TASK OBJECTIVE: Please repeat only the lines below starting at the line that holds "Apartment Model: 3" and ending at the line that holds "В высокогорных лугах", exactly, with both of those lines included and every picture omitted.

GIVEN DATA:
================================

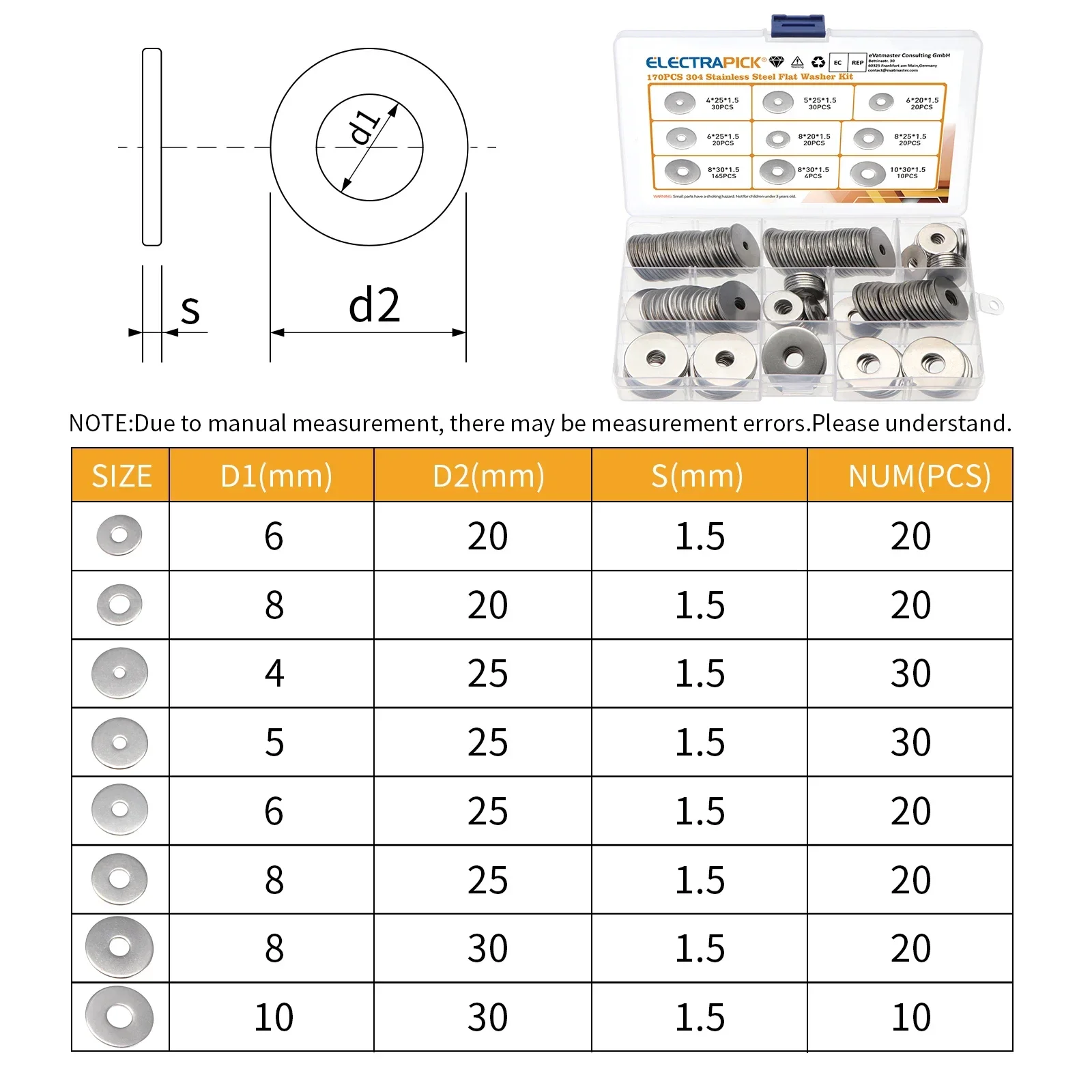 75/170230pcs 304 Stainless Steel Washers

================================

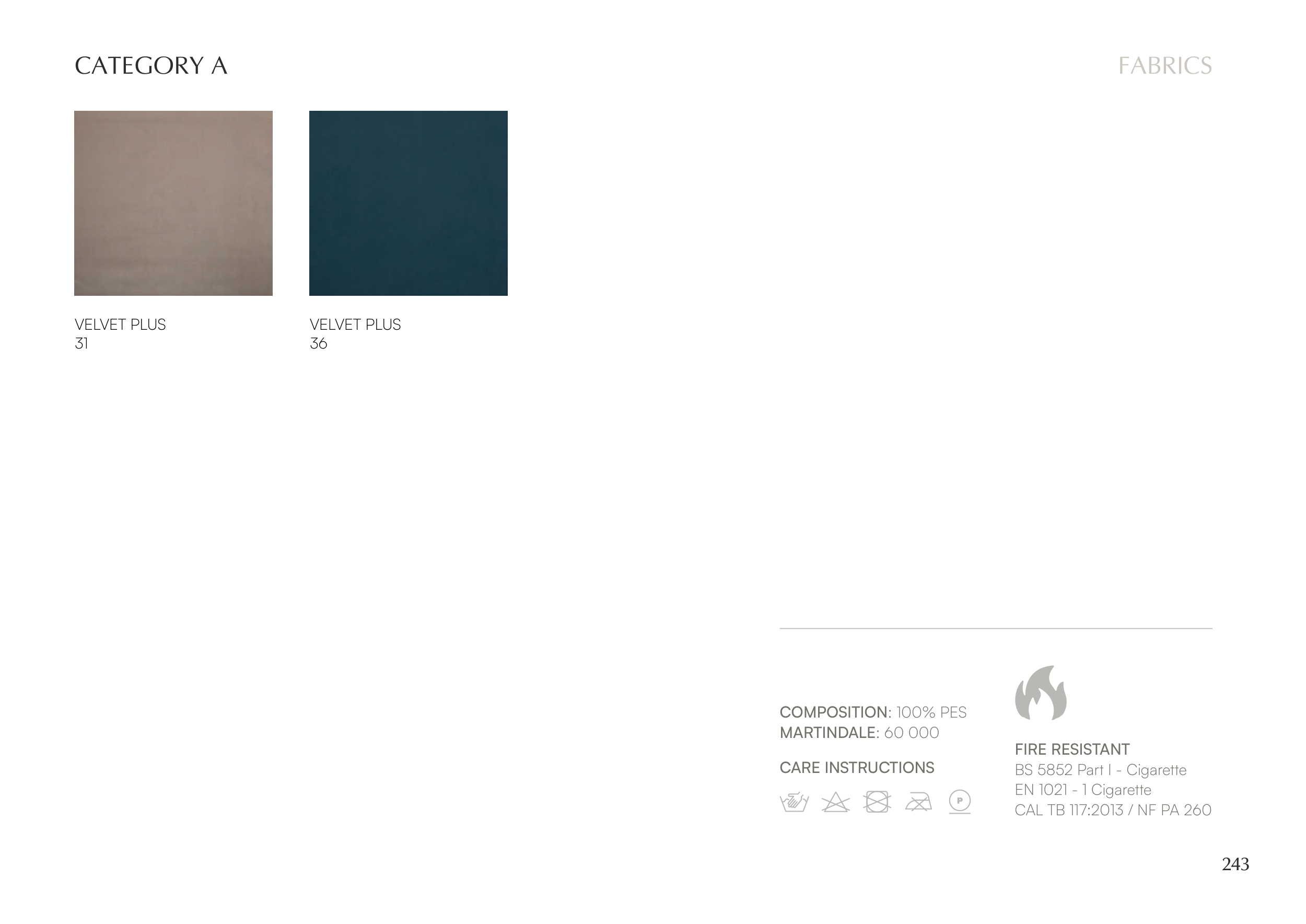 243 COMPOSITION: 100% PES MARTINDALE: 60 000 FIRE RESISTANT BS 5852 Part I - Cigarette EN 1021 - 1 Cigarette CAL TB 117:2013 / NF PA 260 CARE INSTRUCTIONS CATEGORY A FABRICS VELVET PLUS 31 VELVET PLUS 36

================================

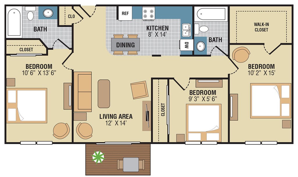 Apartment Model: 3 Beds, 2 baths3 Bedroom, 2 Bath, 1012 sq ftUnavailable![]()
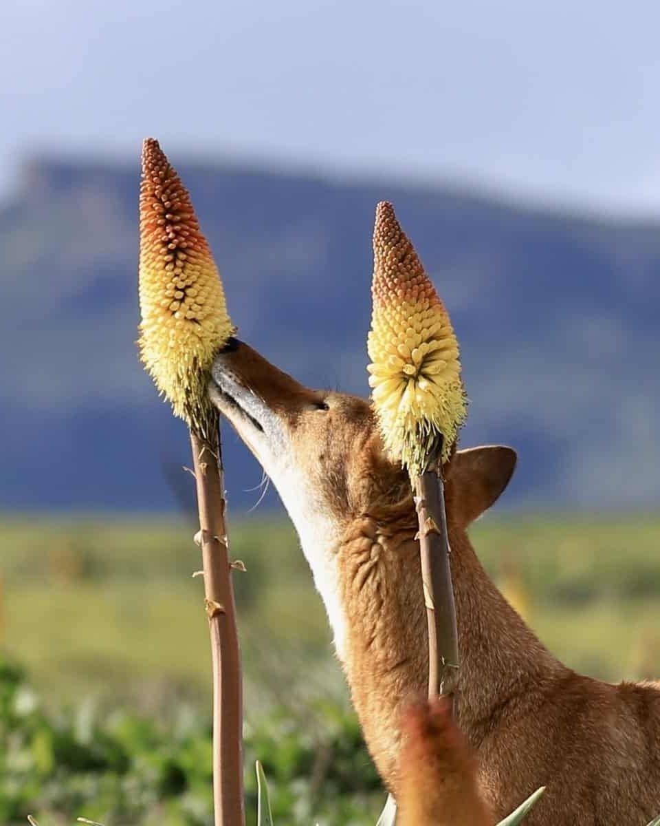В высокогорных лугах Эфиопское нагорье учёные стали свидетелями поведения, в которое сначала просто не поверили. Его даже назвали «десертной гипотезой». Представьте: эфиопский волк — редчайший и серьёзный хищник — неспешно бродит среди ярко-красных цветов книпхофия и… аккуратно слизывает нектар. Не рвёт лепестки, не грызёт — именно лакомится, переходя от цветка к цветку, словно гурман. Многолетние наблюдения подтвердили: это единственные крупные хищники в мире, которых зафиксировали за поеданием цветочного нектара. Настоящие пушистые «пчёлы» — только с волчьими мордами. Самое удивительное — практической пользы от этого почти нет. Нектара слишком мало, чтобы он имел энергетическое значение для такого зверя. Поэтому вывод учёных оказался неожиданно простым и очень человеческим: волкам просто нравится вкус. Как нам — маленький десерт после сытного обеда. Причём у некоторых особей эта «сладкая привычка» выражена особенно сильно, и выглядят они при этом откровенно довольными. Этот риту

================================

ANSWER TO THIS TASK:
 Apartment Model: 3 Beds, 2 baths3 Bedroom, 2 Bath, 1012 sq ftUnavailable![]()
В высокогорных лугах Эфиопское нагорье учёные стали свидетелями поведения, в которое сначала просто не поверили. Его даже назвали «десертной гипотезой». Представьте: эфиопский волк — редчайший и серьёзный хищник — неспешно бродит среди ярко-красных цветов книпхофия и… аккуратно слизывает нектар. Не рвёт лепестки, не грызёт — именно лакомится, переходя от цветка к цветку, словно гурман. Многолетние наблюдения подтвердили: это единственные крупные хищники в мире, которых зафиксировали за поеданием цветочного нектара. Настоящие пушистые «пчёлы» — только с волчьими мордами. Самое удивительное — практической пользы от этого почти нет. Нектара слишком мало, чтобы он имел энергетическое значение для такого зверя. Поэтому вывод учёных оказался неожиданно простым и очень человеческим: волкам просто нравится вкус. Как нам — маленький десерт после сытного обеда. Причём у некоторых особей эта «сладкая привычка» выражена особенно сильно, и выглядят они при этом откровенно довольными. Этот риту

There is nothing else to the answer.